In one implementation, as shown in fig. 3, the touch pad 300 further includes a vibration feedback device 350 for outputting vibration according to the pressure F when the user presses the touch pad 300. The vibration feedback device 350 may implement corresponding vibration feedback through a piezoelectric ceramic and its related circuit, for example. The processing unit 340 controls the vibration feedback device 350 to output vibration when the pressure F of the user pressing the touch pad 300 is greater than the first pressure threshold F1. In this way, the vibration is reversely output to the user by the vibration feedback device 350 based on the pressure output by the user, thereby improving the user's hand feeling.

Next, a MIDI keyboard is taken as an example, and the touch pad 300 according to the embodiment of the present application is described in detail with reference to fig. 4 to fig. 6.

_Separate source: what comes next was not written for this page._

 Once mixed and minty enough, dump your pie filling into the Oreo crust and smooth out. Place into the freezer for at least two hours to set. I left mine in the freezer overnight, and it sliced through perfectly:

The touch pad 300 may implement some special functions, such as those of a MIDI keyboard. In this case, the touch pad 300 can be used as a music input device, so that music editing and creation can be directly performed using the touch pad 300 without connecting an additional MIDI keyboard. The output of the MIDI keyboard is the musical note and the playing strength of the musical note, and the playing strength of the musical note output by the MIDI keyboard of the entity is related to the force of pressing the key by the user. In one implementation, the processing unit 340 may integrate the duration of the pressure F when the user presses the touch pad 300, and determine the magnitude of the sound of the key corresponding to the target sub-region and/or the intensity of the vibration output by the vibration feedback device 350 in the target sub-region according to the obtained integrated pressure value.

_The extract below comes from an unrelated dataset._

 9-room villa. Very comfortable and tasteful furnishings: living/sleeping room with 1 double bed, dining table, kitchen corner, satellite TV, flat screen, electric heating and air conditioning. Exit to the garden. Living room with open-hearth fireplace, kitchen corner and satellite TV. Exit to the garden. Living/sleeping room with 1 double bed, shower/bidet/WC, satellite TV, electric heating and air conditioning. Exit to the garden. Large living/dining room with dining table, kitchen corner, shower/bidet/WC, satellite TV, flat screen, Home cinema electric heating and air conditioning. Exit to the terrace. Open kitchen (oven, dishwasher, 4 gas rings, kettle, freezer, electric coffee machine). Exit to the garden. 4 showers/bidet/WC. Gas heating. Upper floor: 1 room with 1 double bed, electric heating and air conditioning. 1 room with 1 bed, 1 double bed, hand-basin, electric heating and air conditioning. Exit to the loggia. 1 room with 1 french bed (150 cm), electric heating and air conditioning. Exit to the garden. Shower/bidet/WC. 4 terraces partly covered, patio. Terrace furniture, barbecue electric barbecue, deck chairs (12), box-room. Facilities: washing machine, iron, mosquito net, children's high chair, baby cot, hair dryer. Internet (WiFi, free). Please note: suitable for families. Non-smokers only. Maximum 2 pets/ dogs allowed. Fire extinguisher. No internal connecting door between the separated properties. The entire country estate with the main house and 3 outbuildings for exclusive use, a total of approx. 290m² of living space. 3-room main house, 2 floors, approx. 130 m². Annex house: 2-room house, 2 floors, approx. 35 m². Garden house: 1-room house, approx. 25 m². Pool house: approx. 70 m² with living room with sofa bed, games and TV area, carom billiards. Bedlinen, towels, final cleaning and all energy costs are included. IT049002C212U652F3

In this way, the pressure F when the user presses the touch panel 300 is integrated to obtain an integrated pressure value, so as to determine the magnitude of the key sound and the vibration intensity, thereby simulating the body feeling when playing a real musical instrument. For example, when the user swiftly strikes the keys, the musical notes output by the MIDI keyboard are played with a larger intensity, i.e., the sound of the output musical notes is larger; and when the user softly and slowly presses the keys, the MIDI keyboard outputs the musical notes with smaller playing strength, namely, the sound of the output musical notes is smaller.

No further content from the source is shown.